Yes.  God is not in the proximate causality business.  Natural beings have their 
own derivative and responsive actuality within themselves.

> The unmoved mover
> doesn't move anything anymore than a steak moves a hungry dog.

But a steak most certainly moves a hungry dog.  It is true that the motion is via 
intentionality rather that gears, strings and levers, but then God is rather more 
clever than Rube Goldberg.

> >  Thus, any activity that can be instantiated can be instantiated
> > by A's unmoved mover.  This is not necessarily the capacity to do all
> > logically possible things, but it is not clear that it is not that
> > capacity either.
> 
> Yes it is perfectly clear that absolute actuality and doing everything possible
> are contradictory for Aristotle.  Again, there is no dunamis, no potential in
> the unmoved mover: 1074a36 "But the primary essence has not matter;

[ouk echei hylen - "has no matter - not has no capacity or power" which would ne 
dynamis.]

> for it is
> complete reality. So the unmoveable mover is one both in definition and in
> number."

Certainly.

> Movements are change, and therefore require dunamis;

Now look at Delta, 12, 1019a15 "'Potency' [dynamis] means (1) a source of movement  
or change, which is in another thing than the thing moved [as is the case with 
motions caused by the unmoved mover] or in the same thing _qua_ other ..."

> hence like
> locomotion (i.e., you've got to have a body) is possible only for things which
> have a body [viz. meterial-dunamis].

Yes, change requires hyle as its hypokeimenon.  No, dynamis, is not hyle or matter. 
Hyle is an arche [source or principle] of dynamis, but is is not the only one.  See 
my "A New Reading of Aristotle's _Hyle_" in _The Modern Schoolman_, LXVIII (1991), 
3, 225-244 for more particulars.

> One of the basic distinctions between the
> unmoved mover and the planets is that the latter, though eternal and hence not
> involved in generation and decay, have bodies, and the way that they manifest
> their energeia/actuality is through eternal locomotion.  Are you suggesting that
> the unmoved mover has the potentiality for locomotion?

No.  Why should I?

> The unmoved mover is
> incapable of locomotion or of destroying the universe; indeed, its incapable of
> doing anything but thinking itself.

No.  Please read De K.
 
> > > Aristotle's god
> > > certainly was not capable of eating or even moving,
> > > which require body/matter (dunamis), nor was Aristotle a
> > > proto-Spinosist, who might claim god was the actuality in all actual
> > > things.  To see Aristotle's god a infinte, especially as having
> > > infinite capabillities to act, can only be done through a
> > > Christian optics.  Whatever you are, you are no Aristotelian!
> >
> > I did not say that my proof was Aristotle's, only that Aristotle's proof
> > was valid.  I did not attribute matter, eating, etc to the divine nature.
> > These are possible acts that can be instantiated by God via material
> > insturmentalities.
> 
>    Maybe a Christian god can 'instantiate,' but Aristotle's can't.

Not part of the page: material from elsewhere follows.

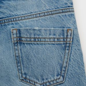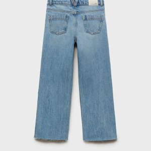 100% cotton fabric. Cotton denim fabric. Wide-leg design. Regular Waist Rise. Long design. Belt loops. Coin pocket. Two side pockets. Two patch pockets at the back. Frayed hem

My assertion is that the God of my proof can.  My proof establishes more that 
Aristotle came to.

>  Nature is not one of the unmoved mover's 'instruments.'

As understood by Aristotle - agreed.  In actuality, I suppose it depends on how one 
conceives of the Divine use of insturmentalities.  If one conceives of such use as 
ab-use of their integrity, then agreed.  But, if one sees nature itself, in its 
integity, as a manifestation of Divine Intent - as the proof would lead one to see - 
then I disagree.

> Cheers!
> Reg
> rlilly-AT-scott.skidmore.edu


As a final note - It seems that Reg and I are not communicating on the 
something/nothing issue.  I am earnestly trying to see what Reg is seeing, but I do 
not.  If anyone sees his point and can translate it for me, I would be grateful.